Transparency about AI identity. The EU AI Act (adopted 2024) requires that AI systems interacting with humans identify themselves as AI. For builders who designed this in from day one, the constraint produced UX clarity: explicit AI identity disclosure reduced user confusion, lowered support ticket volume, and created more accurate user expectations. For builders who treated it as a last-minute compliance requirement, it required expensive UX retrofits.
Data minimization. Apple's App Tracking Transparency framework (April 2021) required apps to request explicit user permission for cross-app tracking. The constraint reduced the data available for AI personalization. But it also created a trust signal: apps that asked explicitly for only the data they needed reported higher opt-in rates than those that had previously collected everything silently. The constraint improved the quality of the feedback loop by making it consensual.
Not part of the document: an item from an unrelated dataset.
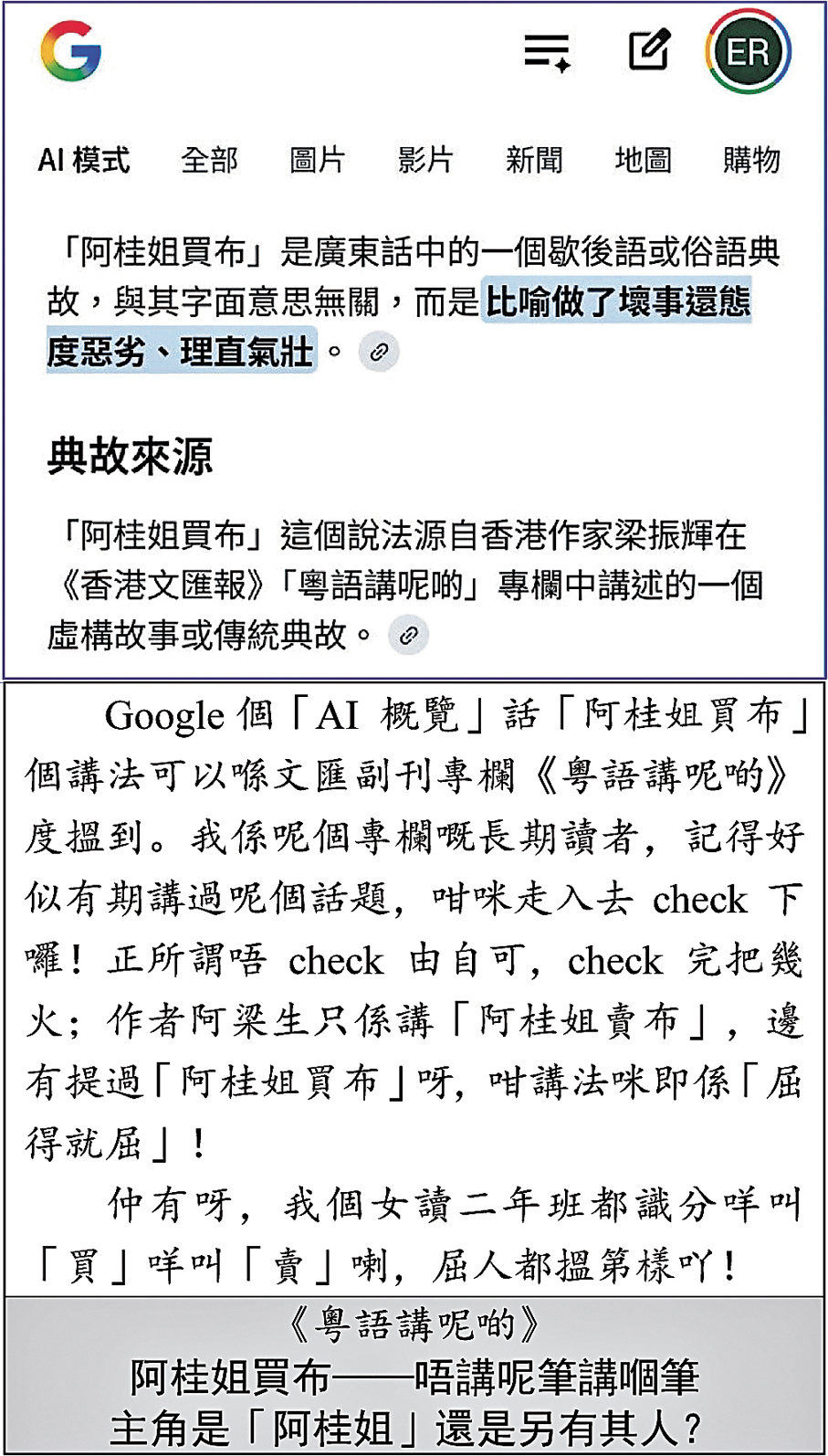 如所周知,對於一些有記載的事物真相,找AI回答就最便捷妥當。然而當遇上一些「似是而非」且給人們在網上廣泛流傳的資料,AI暫無那個邏輯思維去為大家辨識了!為了滿足用家千奇百怪的提問,且要顯示內在的超然能力,AI普遍用上了「大膽假設、不怎求證」甚或「移花接木、無中生有」等不實手法去回應。所謂「一節見則百節知」,上述OpenAI「暗度陳倉」的情節不可能是個別事件,而這也揭示了AI業界亂象叢生的冰山一角。上圖中Google AI概覽捏造「阿桂姐買布」的說法源自筆者在文匯副刊專欄「粵語講呢啲」所載也屬相類亂象。作品能被知名AI青睞,本來是「光榮事」;可實情沒這回事,便變成「遺憾事」了。這種「屈得就屈」的行為正正為人類提供了一個極壞的範式,影響之深遠不容小覷。

Human override capability. Medical AI products operating in the EU under the Medical Device Regulation must support human override of AI recommendations. The design constraint — no AI decision is final — produced better products: doctors who knew they could override the AI engaged with its reasoning more carefully, catching errors the AI made, which improved clinical outcomes. The constraint generated a safer feedback loop.
Explainability requirements. The EU's GDPR Article 22 gives individuals the right to an explanation for automated decisions that significantly affect them. The constraint forced designers of credit, hiring, and insurance AI products to build explainability into the model architecture. These explanations, originally compliance outputs, became customer trust features — borrowers who received explanations for credit decisions reported higher satisfaction even when declined, compared to those who received opaque denials.
At the organizational level, teams that have successfully operationalized ethics as design input share three structural characteristics. First, they have pre-mortem reviews: structured sessions before launch where teams imagine the product has failed for ethical reasons and work backward to identify the design decision that caused it. Second, they maintain impact registries: living documents listing every population affected by the AI product, the harm mechanisms available to each, and the design safeguards in place. Third, they conduct annual red team reviews rather than one-time pre-launch audits, because deployment contexts and adversarial techniques evolve.
Salesforce's Office of Ethical and Humane Use, established in 2019, created a product review process requiring any AI feature to pass a documented harm assessment before engineering resources were allocated. The process added friction — teams reported it extended roadmap planning by two to four weeks. The same teams reported it eliminated multiple expensive post-launch remediation cycles and improved stakeholder trust in AI feature announcements.
For every ethical constraint applied to your AI product, write a sentence describing what the constraint makes your product better at. If you cannot write that sentence, the constraint is compliance overhead. If you can, it is a design principle — and design principles build better products than compliance checklists do.
You are designing an AI product in one of these domains: healthcare, hiring, financial services, education, or content recommendation. Name your domain and a specific AI feature you want to build.
The assistant will present you with three ethical constraints relevant to your domain (regulatory, reputational, or user wellbeing). Your job is to rewrite each constraint as a product design principle — describing what the constraint makes your product better at. Complete at least 3 exchanges.